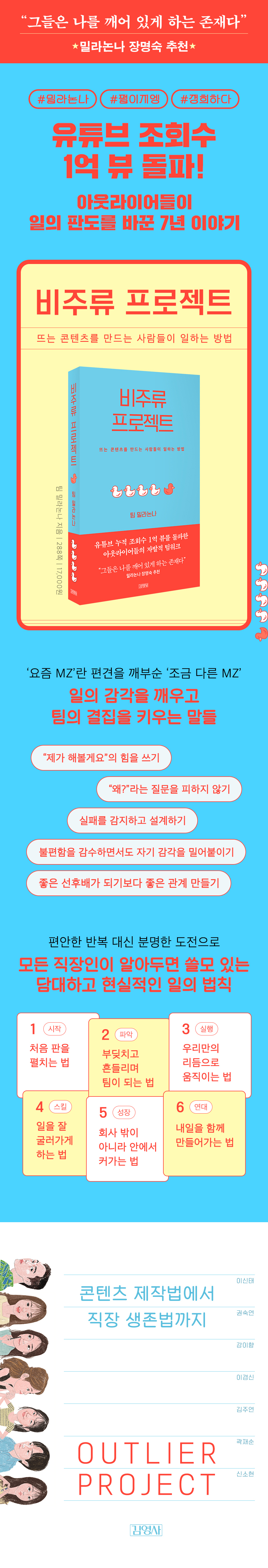 ºñÁÖ·ù¿¡¼ ÁÖ·ù·Î, 0¿¡¼ ´©Àû Á¶È¸¼ö 1¾ï 4õ¸¸ ºä¸¦ µ¹ÆÄÇϱâ±îÁö 7³âÀÇ À̾߱â. ÄÜÅÙÃ÷ÀÇ ÆÇµµ¸¦ ¹Ù²ã¹ö¸° ¡®ÆÀ ¹Ð¶ó³í³ª¡¯´Â ¾î¶»°Ô ź»ýÇÏ°í ¼ºÀåÇߴ°¡. ¸ðµç Á÷ÀåÀÎÀÌ ¾Ë¾ÆµÎ¸é ¾µ¸ð ÀÖ´Â ´ã´ëÇϰí Çö½ÇÀûÀÎ ÀÏÀÇ ¹ýÄ¢ÀÌ ´ã±ä Ã¥ ¡¶ºñÁÖ·ù ÇÁ·ÎÁ§Æ®¡·°¡ ±è¿µ»ç¿¡¼ Ãâ°£µÇ¾ú´Ù.
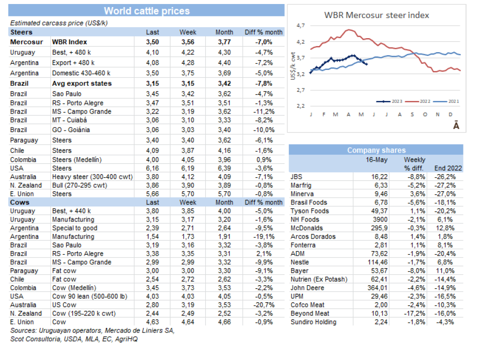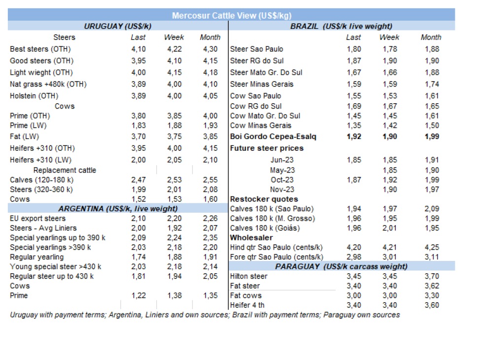巴西牛的平均出口價(jià)格保持在每公斤3.15美元。同時(shí),在烏拉圭和阿根廷市場(chǎng),雷亞爾的價(jià)格有所下降,而巴拉圭的價(jià)格保持穩(wěn)定。
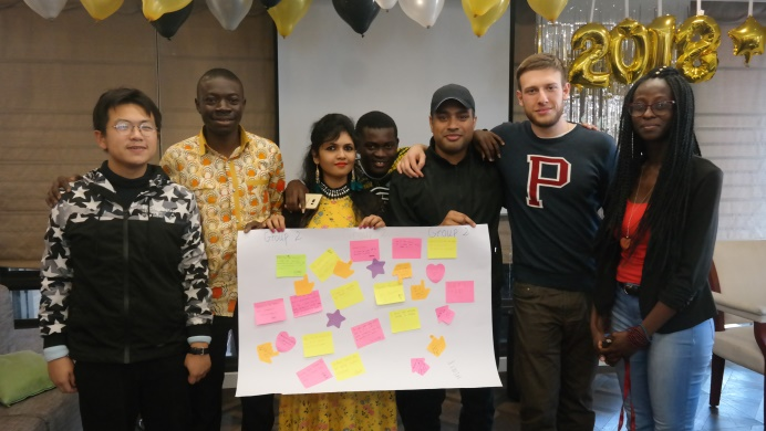 Another common activity from all the countries is making a list of new wishes to be fulfilled in the coming year, so we make some groups and wrote a banner with our dreams, wishes, and hoped-for accomplishments for the next year. To provide some entertainment, many students showed their talents and how gifted they are. Assem (Tajikistan), Solomon (Uganda), Increase (Nigeria), and Zahid (Bangladesh) entertained us through songs. Nilima and Konok (Bangladesh) and Victor (Ghana) showed traditional dancing from their countries.
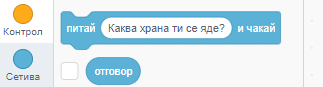 - Използва блокчета за въвеждане на текст и отговор от потребителя.
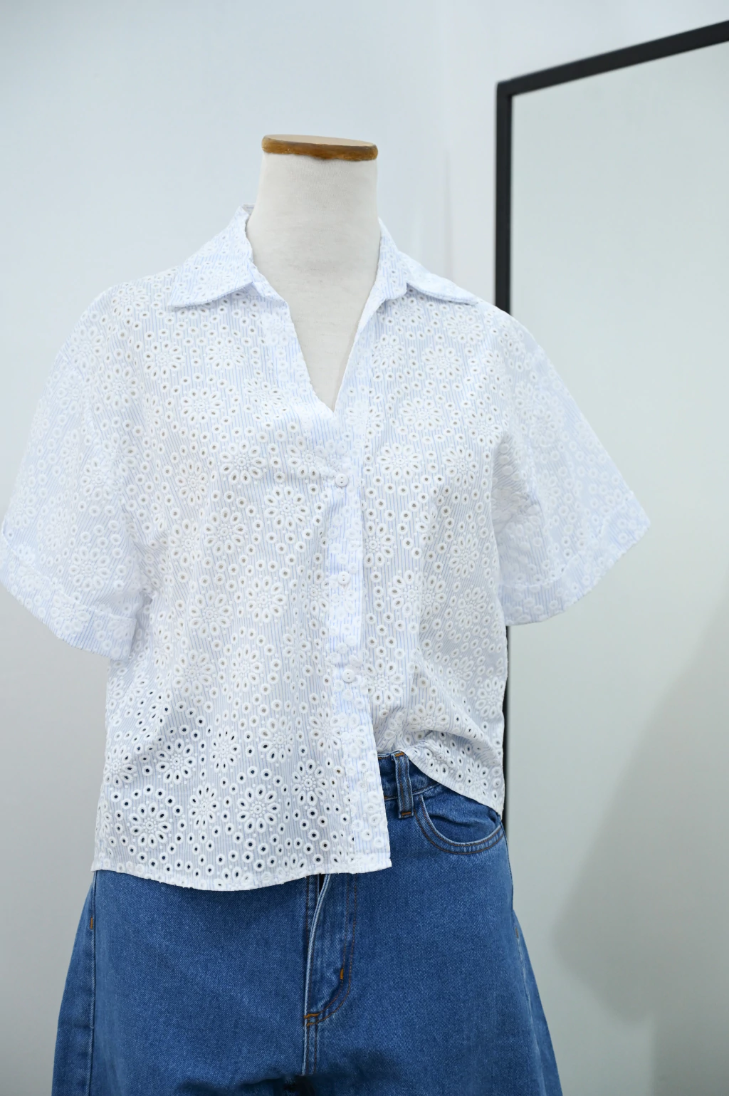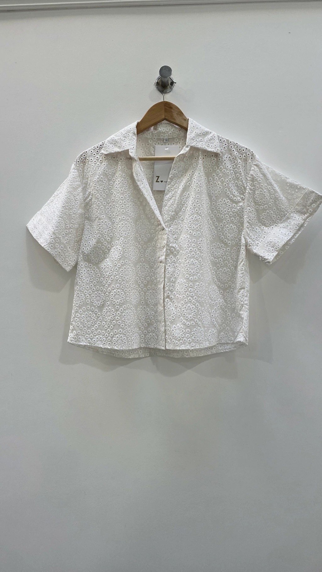 Blusa con cuello camisero y botones frontales, confeccionada en un delicado calado floral que aporta frescura y sutileza. Las mangas con doblez suman un detalle moderno a esta prenda ideal para un look elegante pero relajado
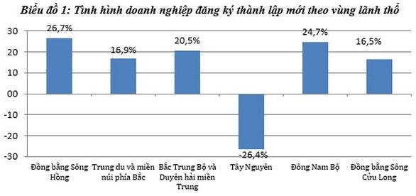 Duy nhất vùng Tây Nguyên lượng doanh nghiệp lập mới giảm 26,4% so với cùng kỳ năm 2014.
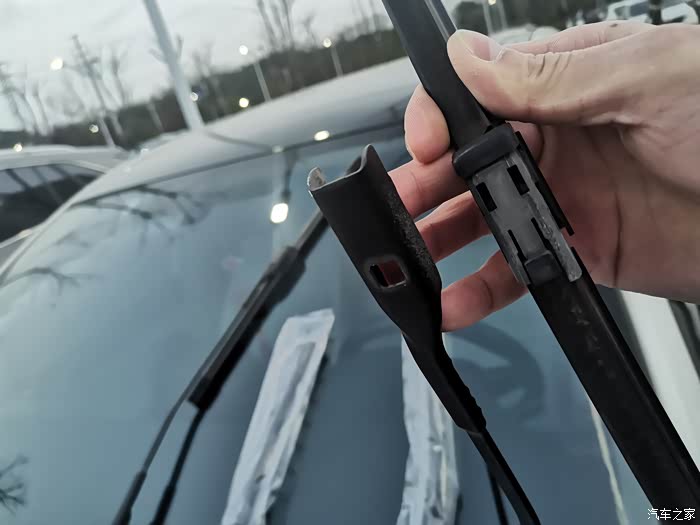 然后怎么扯出来的,然后就怎么插进去,按照这个方法,接下来更换副雨刮片。
****************************************
### What needs to be done
No pictures belong in the answer. It must repeat exactly the lines from the line with "Blusa con cuello" through the final line of the records.

### Result for this task
 Blusa con cuello camisero y botones frontales, confeccionada en un delicado calado floral que aporta frescura y sutileza. Las mangas con doblez suman un detalle moderno a esta prenda ideal para un look elegante pero relajado
 Duy nhất vùng Tây Nguyên lượng doanh nghiệp lập mới giảm 26,4% so với cùng kỳ năm 2014.
 然后怎么扯出来的,然后就怎么插进去,按照这个方法,接下来更换副雨刮片。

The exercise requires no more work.